First, however, we must ask ourselves why this final and consummate appearance of the Divine Will was granted to mankind, and what were its causes. All Islamic schools of thought accept it as a fundamental principle that for centuries, for thousands of years before the advent of Mohammed, there arose from time to time messengers, illumined by Divine Grace, for and among those races of the earth which had sufficiently advanced intellectually to comprehend such a message. Thus Abraham, Moses, Jesus and all the Prophets of Israel are universally accepted by Islam. Muslims indeed know no limitation merely to the Prophets of Israel; they are ready to admit that there were similar Divinely inspired messengers in other countriesGautama Buddha, Shri Krishna and Shri Ram in India, Socrates in Greece, the wise man of China and many other sages and saints among peoples and civilizations, trace of which we have lost. Thus man's soul has never been left without a specially inspired messenger from the soul that sustains, embraces and is the universe. Then what need was there for a Divine revelation to Mohammed ?

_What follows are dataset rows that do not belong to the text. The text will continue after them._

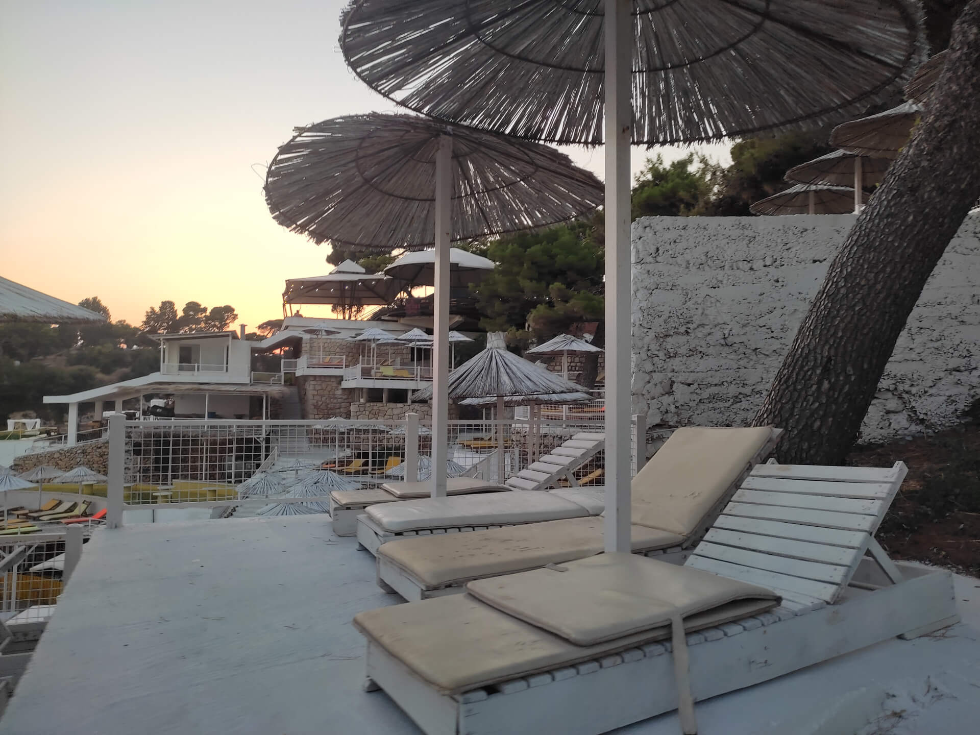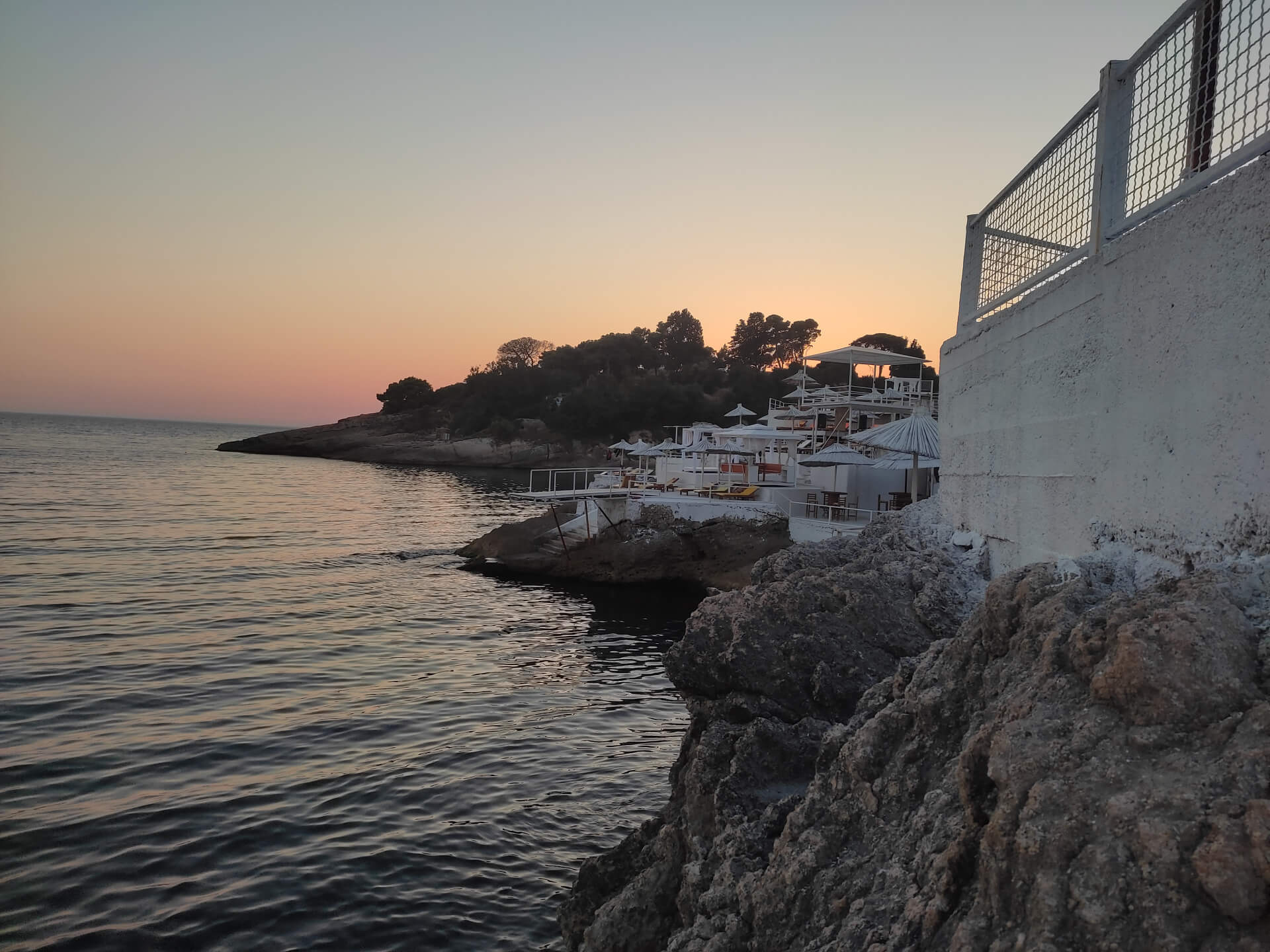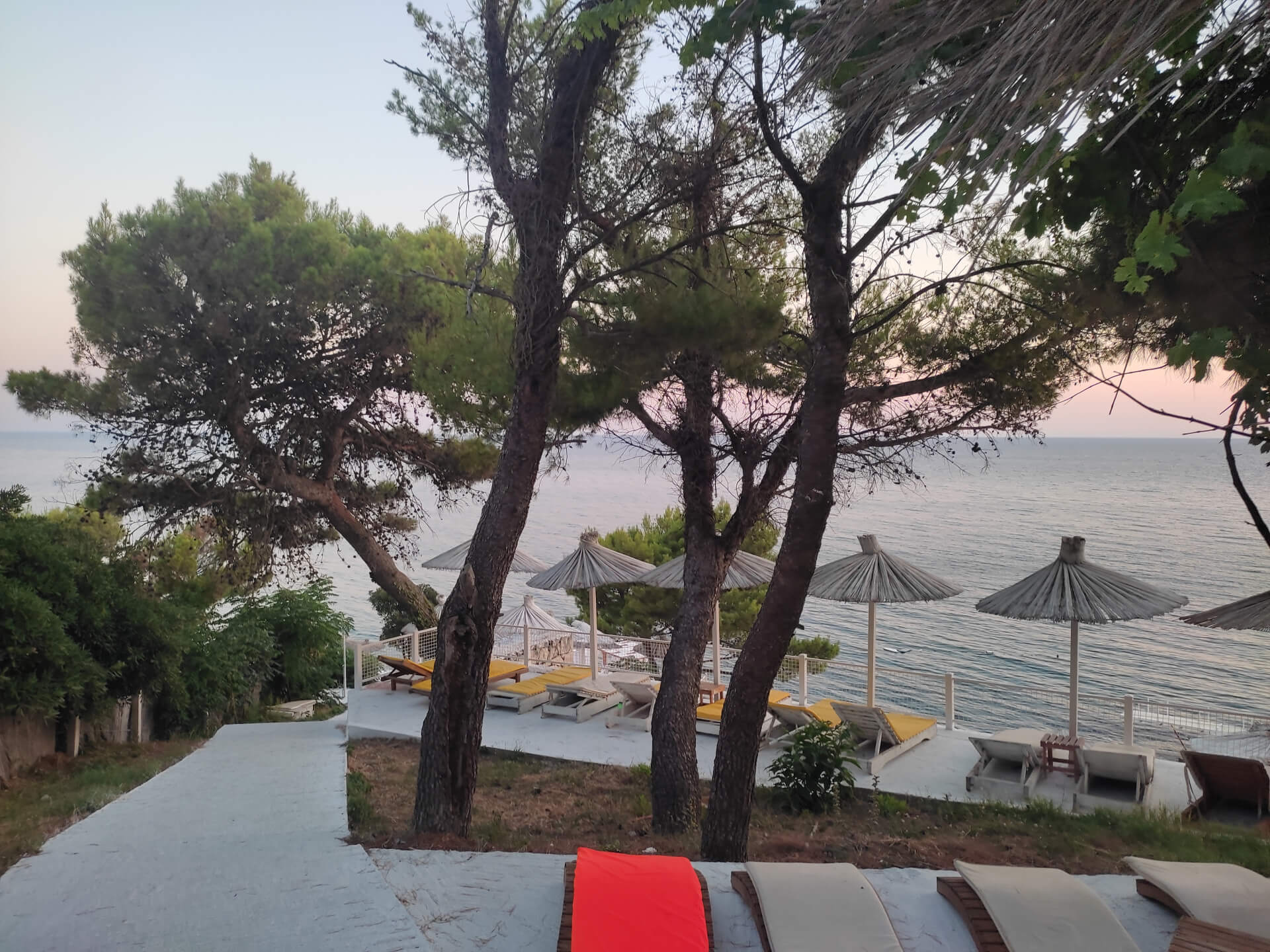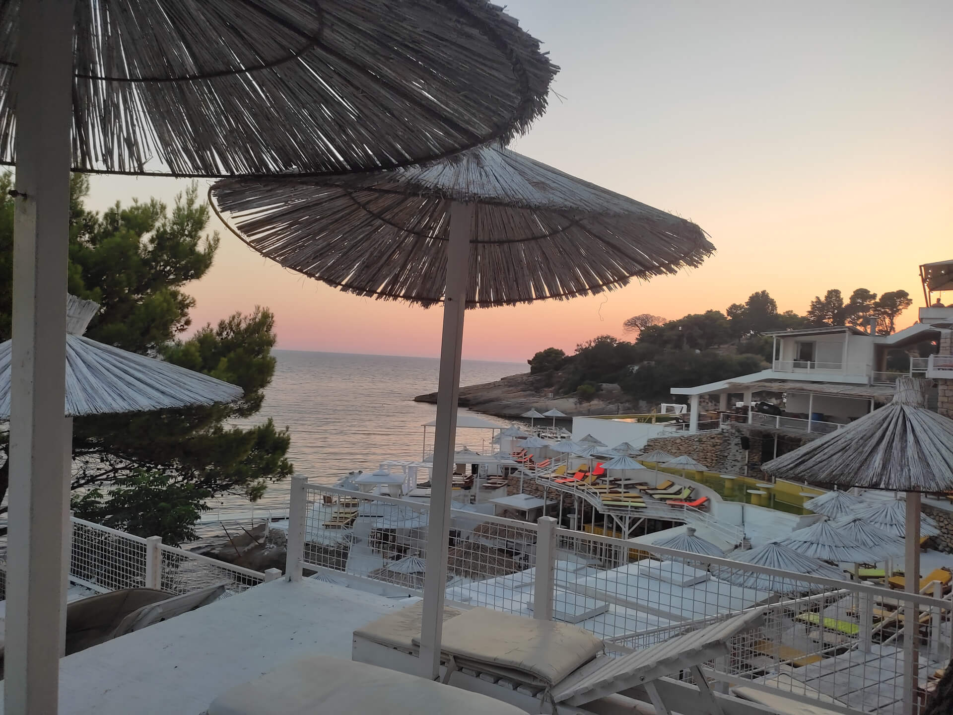 Ulcinj coast. The beach has a wonderful area on different levels. Great bar and restaurant cover its services providing with beach furniture - cozy loungers and romantic sunbeds by the sea. The entrance to the sea is rocky from the stairs. But the sea is clean and transparent, the coastline is beautiful.
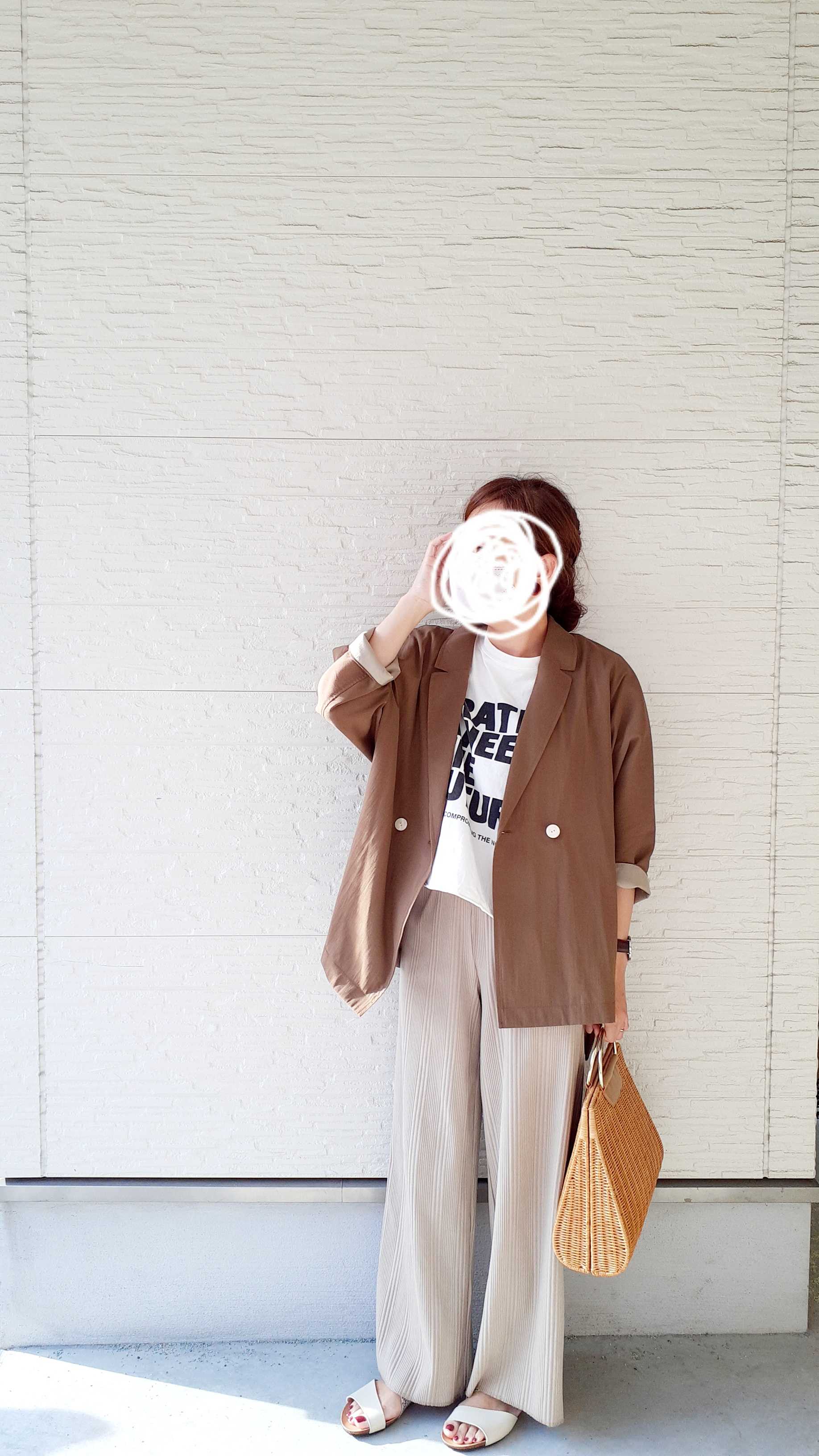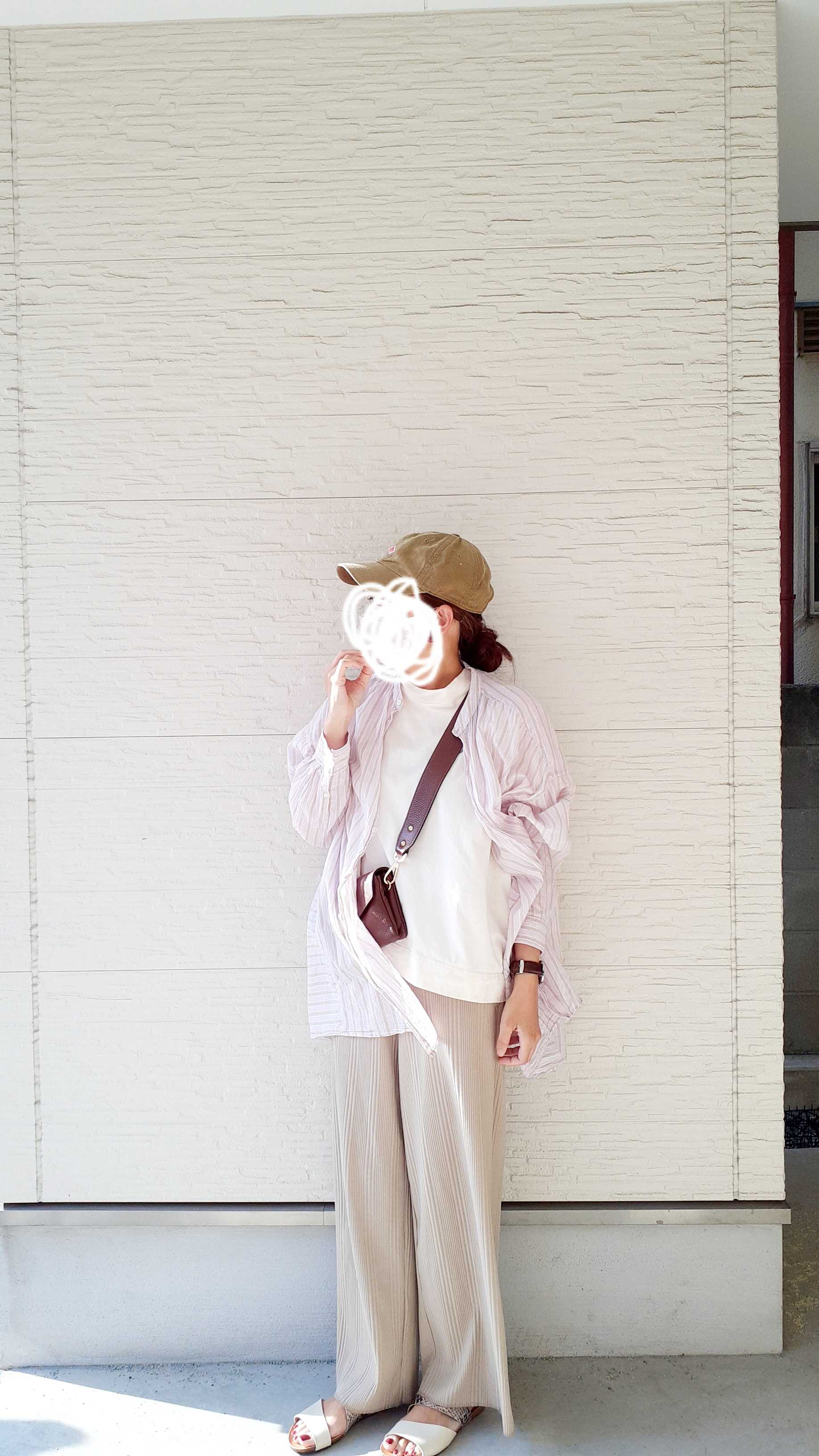 シャツは、niko and…で購入したラベンダーカラーを着てます。
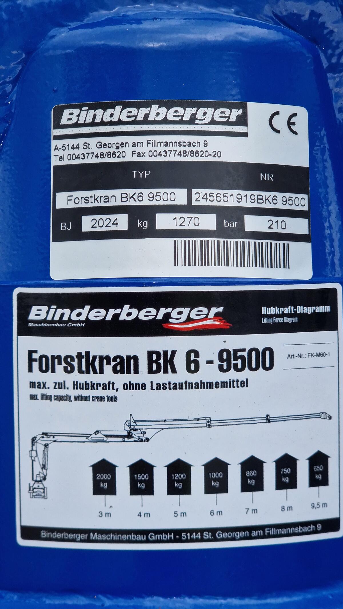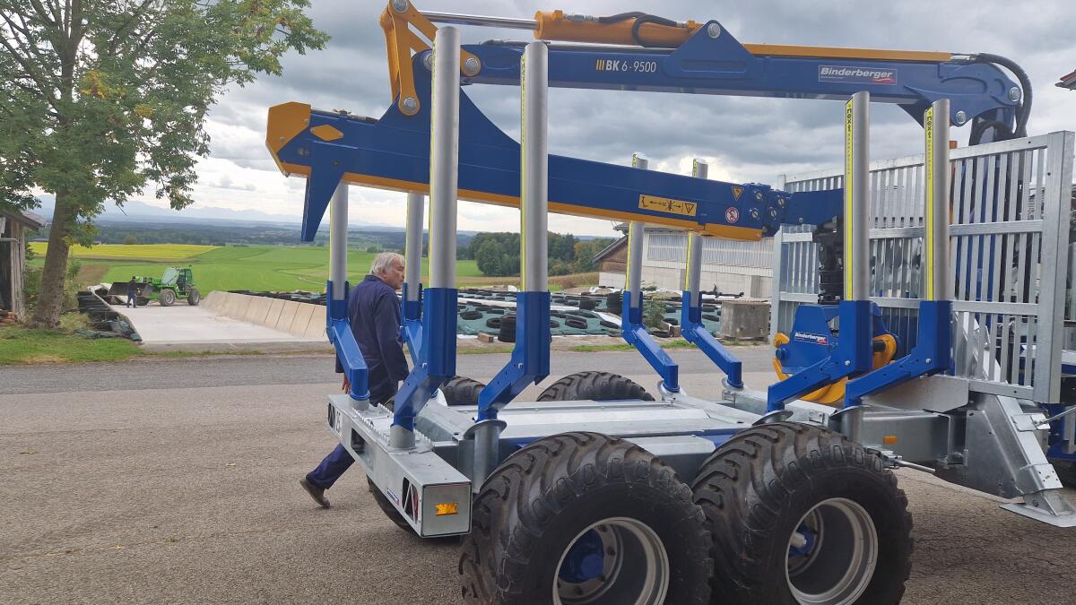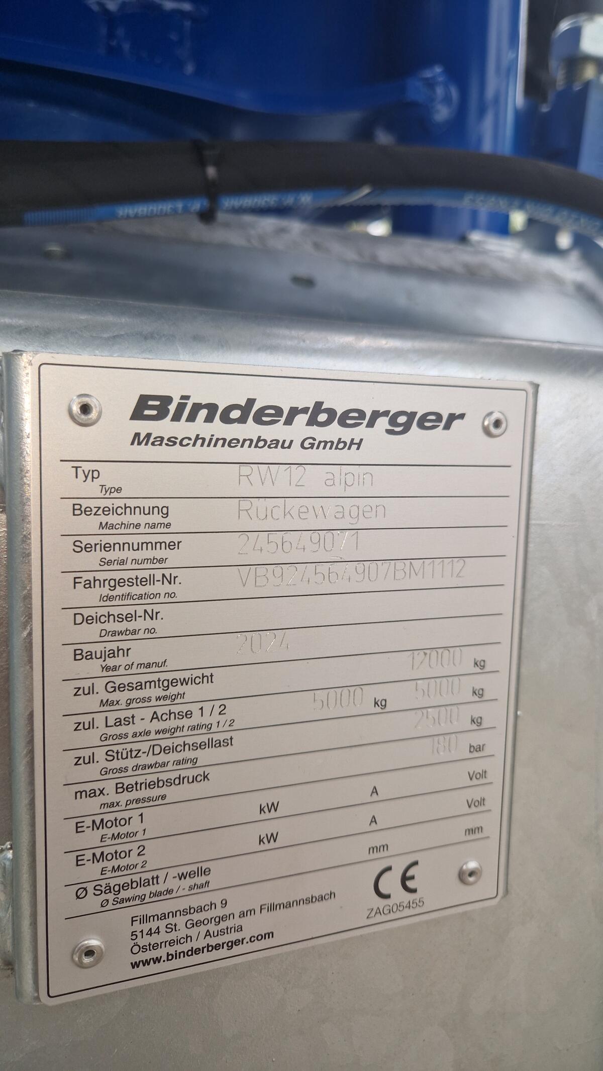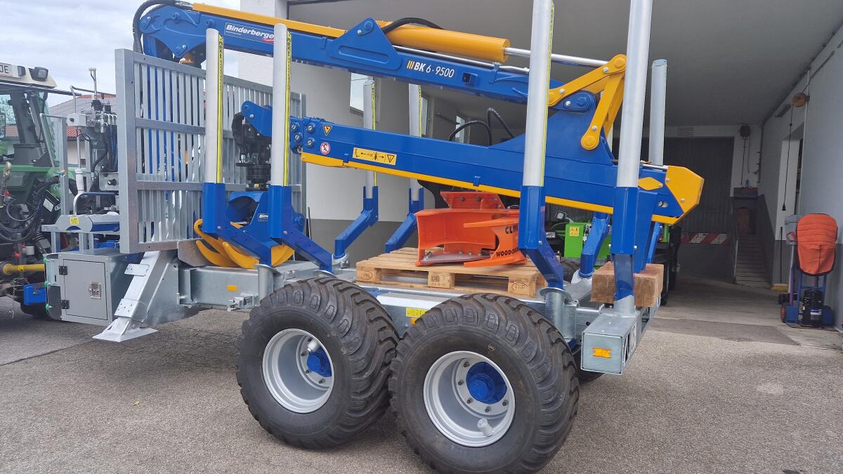 Binderberger Rückewagen RW 12, BK 6 - 9.500, A-Abstützung 3,30 m, Druckluftanlage, Bereifung 500/50-17, Telematic, Werkzeugkiste und 2 Motorsägenhalterungen, TÜV 25 km/h mit Kranbuch, Eigenölversorgung 2 Kreis, 5,5 t Rotator und Reisiggreifer 1.400, Kranablage, eingebauter LED Arbeitsscheinwerfer, Rungendeckel.
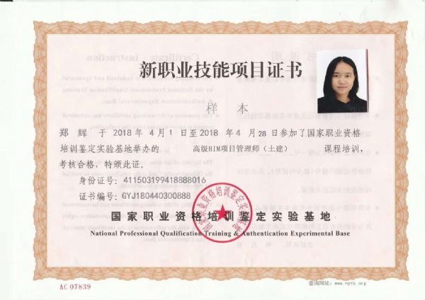 權威身份認可:國家職業資格培訓鑒定實驗基地頒發“BIM項目管理師”證書,該證書在國家職業資格培訓鑒定實驗基地網上查詢。

The answer of Islam is precise and clear. In spite of its great spiritual strength, Jewish monotheism has retained two characteristics which render it essentially different from Islamic monotheism: God has remained, in spite of all, a national and racial God for the children of Israel, and His personality is entirely separate from its supreme manifestation, the Universe. In far-distant countries such as India and China, the purity of the Faith in the one God had been so vitiated by polytheism, by idolatry and even by a pantheism which was hardly distinguishable from atheism that these popular and folklore religions bore little resemblance to that which emanated from the true and pure Godhead. Christianity lost its strength and meaning for Muslims in that it saw it great and glorious founder not as a man but as God incarnate in man, as God made Flesh. Thus there was an absolute need for the Divine Word's revelation, to Mohammed himself, a man like the others, of God's person and of his relations to the Universe which he had created. Once man has thus comprehended the essence of existence, there remains for him the duty, since he knows the absolute value of his own soul, of making for himself a direct path which will constantly lead his individual soul to and bind it with the universal Soul of which the Universeas much of it as we perceive with our limited visions one of the infinite manifestations.